2.6. GO and KEGG Pathway Enrichment Analysis

We used the application DAVID (https://david.ncifcrf.gov/summary.jsp, accessed on 1 January 2022), an online database, to carry out gene ontology for target mRNA genes in the ceRNA network. We also used GO annotation and Kyoto Encyclopedia of Genes and Genomes (KEGG) pathway enrichment analysis, with p < 0.05 as the screening condition. GO analysis included biological process (BP), cell component (CC), and molecular function (MF) analysis.

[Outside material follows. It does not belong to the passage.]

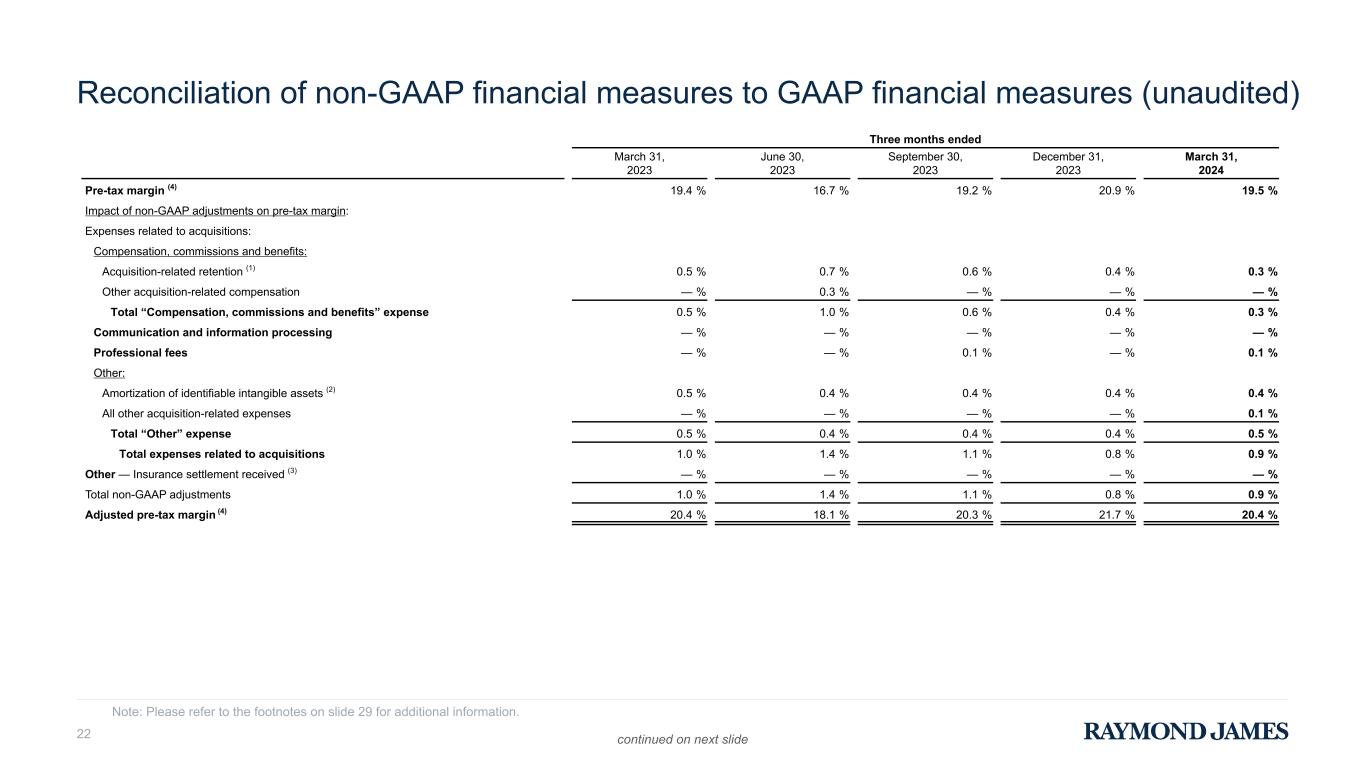Reconciliation of non-GAAP financial measures to GAAP financial measures (unaudited) Note: Please refer to the footnotes on slide 29 for additional information. continued on next slide Three months ended Six months ended $ in millions March 31, 2023 June 30, 2023 September 30, 2023 December 31, 2023 March 31, 2024 March 31, 2023 March 31, 2024 Net income available to common shareholders $ 425 $ 369 $ 432 $ 497 $ 474 $ 932 $ 971 Non-GAAP adjustments: Expenses related to acquisitions: Compensation, commissions and benefits: Acquisition-related retention (1) 17 18 17 11 11 35 22 Other acquisition-related compensation — 10 — — — — — Total “Compensation, commissions and benefits” expense 17 28 17 11 11 35 22 Communication and information processing — — 2 — 1 — 1 Professional fees — 1 3 1 1 — 2 Other Amortization of identifiable intangible assets (2) 11 11 12 11 11 22 22 All other acquisition-related expenses — — — — 2 — 2 Total “Other” expense 11 11 12 11 13 22 24 Total expenses related to acquisitions 28 40 34 23 26 57 49 Other — Insurance settlement received (3) — — — — — (32) — Pre-tax impact of non-GAAP adjustments 28 40 34 23 26 25 49 Tax effect of non-GAAP adjustments (7) (10) (9) (6) (6) (6) (12) Total non-GAAP adjustments, net of tax 21 30 25 17 20 19 37 Adjusted net income available to common shareholders $ 446 $ 399 $ 457 $ 514 $ 494 $ 951 $ 1,008 Pre-tax income $ 557 $ 486 $ 585 $ 630 $ 609 $ 1,209 $ 1,239 Pre-tax impact of non-GAAP adjustments (as detailed above) 28 40 34 23 26 25 49 Adjusted pre-tax income $ 585 $ 526 $ 619 $ 653 $ 635 $ 1,234 $ 1,288 21

2.7. Construction of Protein–Protein Interaction (PPI) and Screening of Key Genes

Target mRNA genes in the chromosome instability group gene network were uploaded to the STRING online database (https://string-db.org/, accessed on 1 January 2022), a PPI network was constructed, medium confidence was taken as the truncation standard, and the nodes without mutual relationships in the network were hidden. The PPI network information obtained from the STRING database was imported into Cytoscape software (V3.8.2). The MCODE plug-in Cytoscape was used to screen the key modules and identify the seed factors at the same time, and the MCC algorithm in the CytoHubba plug-in was used to screen the hub genes.

2.8. PCR Assay Analysis

The expression of RBM10 in lung adenocarcinoma tissues and adjacent tissues was also verified by PCR assays. The real-time PCR results are generally presented in the form of the mean ± standard deviation. The results are usually analyzed by the method of relative halo analysis; that is, the 2−ΔΔct method is used to obtain the expression level of the target gene, β-actin is the reference gene, and RBM10 is the target gene. The expression level of each gene is measured twice, so the average of the two groups of results is taken in the final Ct value. For the calculation of the ΔΔCt value, the final obtained samples and the normal control group 2−ΔΔct were the differential expression multiples of the two groups.

2.9. Analysis of the Pathological Characteristics of Lung Adenocarcinoma

H&E staining is one of the common staining methods used in paraffin sectioning. Dehydration was carried out, and the transparency of the sections was determined. After H&E staining, the sections should be thoroughly dehydrated and transparent before they can be capped with neutral gum. If the dehydration process is not thorough, the film shows a white mist after sealing, is blurred under the microscope, and can easily fade. The sections were dehydrated with grade 1–2 absolute ethanol or xylene carbolic acid.
After staining with hematoxylin, the nucleus and calcium salt mucus were blue, and then eosin, a cytoplasmic dye, was used to stain the cytoplasm so that the different components of the cytoplasm appeared as different shades of pink. Through this, various tissue or cellular components and the general morphological and structural characteristics of the lesions can be shown.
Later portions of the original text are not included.